Recent posts here and here have highlighted briefing in Ng Lap Seng’s appeal as well as Dmitry Firtash’s motion to dismiss.

As highlighted below, reading these briefs caused a few um, excuse me but type moments.

For instance, I have long been concerned about the seeming lack of FCPA depth of FCPA enforcement attorneys.

Indeed, in the Firtash motion to dismiss the DOJ argues that the defendant’s interpretation of certain legislative history is incorrect because – in the words of the DOJ – “the FCPA, at its inception, was a corporation-focused statute. S. 305, 95th Cong. (Jan. 1977) (applied expressly only to an “issuer” or a “domestic concern”)” [as opposed to an individual-focused statute].

Um, excuse me but the FCPA’s definition of “domestic concern” has always included certain individuals (see here for the original FCPA enacted in 1977).

In the Seng briefing, on at least three separate occasions concerning different issues, the DOJ stated something along the following lines: the defendant’s position is wrong because the defendant can’t point to any FCPA case to support his position.

Um, excuse me but a major reason for the general lack of FCPA case law is because of how the DOJ (and SEC) have chosen to enforce the FCPA.

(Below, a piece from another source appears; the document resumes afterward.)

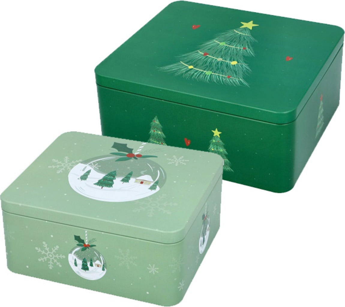 Komplet škatel za piškote "Christmas Tree" je kot nalašč za vse, ki želijo z ljubeznijo zapakirati svoje doma pečene dobrote. Naj gre za čokolado, piškote, potico ali druge sladke dobrote - pločevinke z zimskim motivom jih varujejo in poskrbijo za dodaten odmerek božičnega vzdušja.

Indeed, this dynamic was a major focus of my amicus brief in Esquenazi foreign official case encouraging the Supreme Court to grant cert in the matter. The brief states:

“An issue that has developed so little in the lower courts would not ordinarily satisfy the criteria for this Court’s review. However, the way FCPA enforcement actions are resolved makes it unlikely that lower courts will often consider this issue in the foreseeable future. The vast majority of FCPA investigations are resolved through out-of-court settlements including non-prosecution agreements (“NPAs”), deferred prosecution agreements (“DPAs”), and other administrative settlements not subject to judicial scrutiny. As a result, courts rarely construe the FCPA.”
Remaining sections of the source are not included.